NAS Parallel Benchmarks for GPUs

This is a repository aimed at providing GPU parallel codes with different parallel APIs for the NAS Parallel Benchmarks (NPB) from a C/C++ version (NPB-CPP). The parallel versions support GPUs from NVIDIA, AMD, and Intel. You can also contribute with this project, writing issues and pull requests. 😄

🔉News: CUDA versions for pseudo-applications added and IS improved. 📅11/Feb/2021

🔉News: Parametrization support for configuring number of threads per block and CUDA parallelism optimizations. 📅25/Jul/2021

🔉News: Paper published in the journal Software: Practice and Experience (SPE). 📅29/Nov/2021

🔉News: A new GPU parallel implementation is now available using the GSParLib API. 📅15/Aug/2024

🔉News: A new GPU parallel implementation is now available using HIP (supporting GPUs from NVIDIA, AMD, and Intel). 📅30/Jan/2025

How to cite our work 👍

DOI - Araujo, G.; Griebler, D.; Rockenbach, D. A.; Danelutto, M.; Fernandes, L. G.; NAS Parallel Benchmarks with CUDA and beyond, Software: Practice and Experience (SPE), 2021.

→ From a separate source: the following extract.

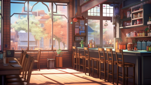 anime coffee shop, bar, cozy, single modern arch window, bright wall, clean, anime style --ar 16:9

DOI - Araujo, G.; Griebler, D.; Danelutto, M.; Fernandes, L. G.; Efficient NAS Benchmark Kernels with CUDA. 28th Euromicro International Conference on Parallel, Distributed and Network-based Processing (PDP), Västerås, 2020.

The NPB with GPUs

The parallel GPU versions were implemented from the serial version of NPB-CPP.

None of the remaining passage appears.